## PROBLEM DESCRIPTION:
Which lines run from the one containing "Pistolet samopowtarzalny p08, produkcja" through the end of the data? Write them out exactly, with the pictures left out.

[Dataset excerpts]
----
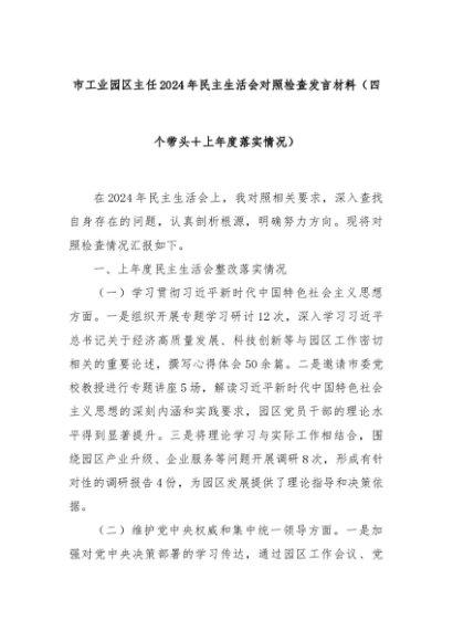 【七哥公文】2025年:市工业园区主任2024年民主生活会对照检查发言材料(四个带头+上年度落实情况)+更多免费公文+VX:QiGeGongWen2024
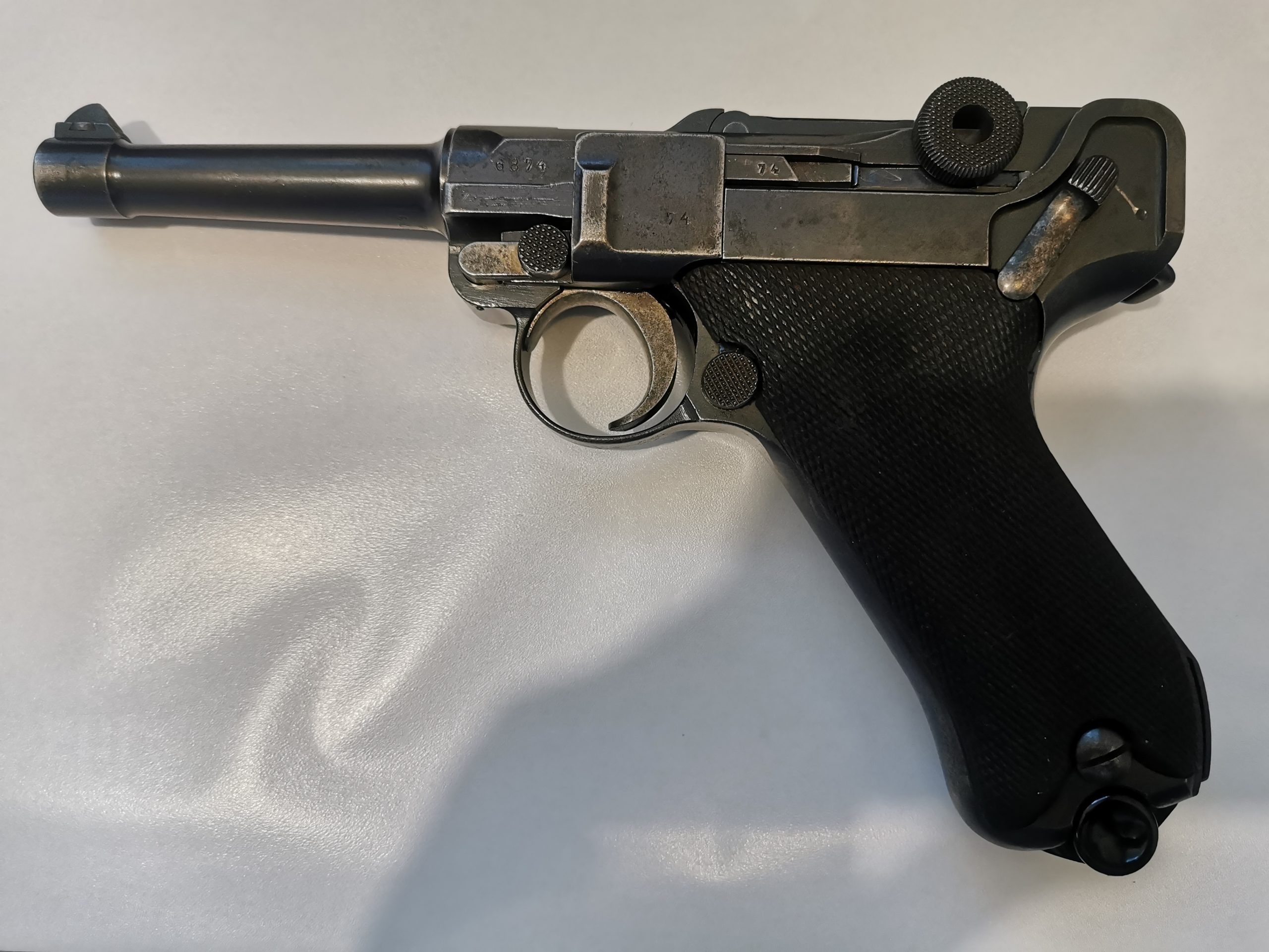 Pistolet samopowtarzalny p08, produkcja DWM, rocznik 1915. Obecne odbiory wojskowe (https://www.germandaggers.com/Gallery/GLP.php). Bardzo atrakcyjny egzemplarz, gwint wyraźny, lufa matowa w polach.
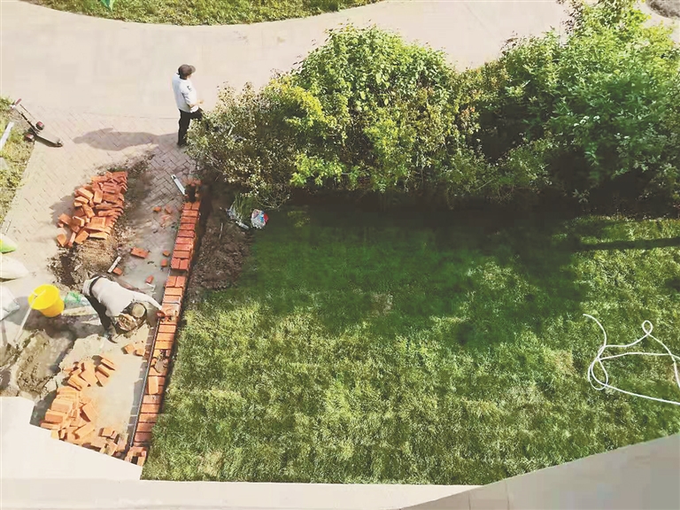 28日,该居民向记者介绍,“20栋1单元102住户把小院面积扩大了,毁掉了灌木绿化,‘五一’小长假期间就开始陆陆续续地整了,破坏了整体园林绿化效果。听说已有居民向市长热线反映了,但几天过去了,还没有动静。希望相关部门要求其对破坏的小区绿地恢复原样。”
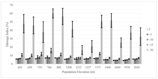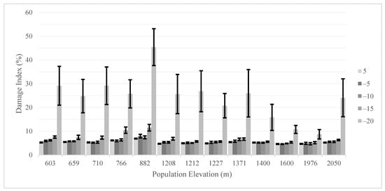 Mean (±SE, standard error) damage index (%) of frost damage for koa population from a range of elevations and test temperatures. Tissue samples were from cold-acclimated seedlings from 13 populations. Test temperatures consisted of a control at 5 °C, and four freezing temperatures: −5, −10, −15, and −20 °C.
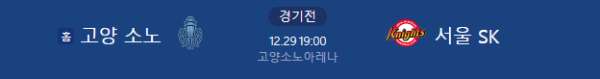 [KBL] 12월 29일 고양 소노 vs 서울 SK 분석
----
## RESULT OF THE TASK:
 Pistolet samopowtarzalny p08, produkcja DWM, rocznik 1915. Obecne odbiory wojskowe (https://www.germandaggers.com/Gallery/GLP.php). Bardzo atrakcyjny egzemplarz, gwint wyraźny, lufa matowa w polach.
 28日,该居民向记者介绍,“20栋1单元102住户把小院面积扩大了,毁掉了灌木绿化,‘五一’小长假期间就开始陆陆续续地整了,破坏了整体园林绿化效果。听说已有居民向市长热线反映了,但几天过去了,还没有动静。希望相关部门要求其对破坏的小区绿地恢复原样。”
 Mean (±SE, standard error) damage index (%) of frost damage for koa population from a range of elevations and test temperatures. Tissue samples were from cold-acclimated seedlings from 13 populations. Test temperatures consisted of a control at 5 °C, and four freezing temperatures: −5, −10, −15, and −20 °C.
 [KBL] 12월 29일 고양 소노 vs 서울 SK 분석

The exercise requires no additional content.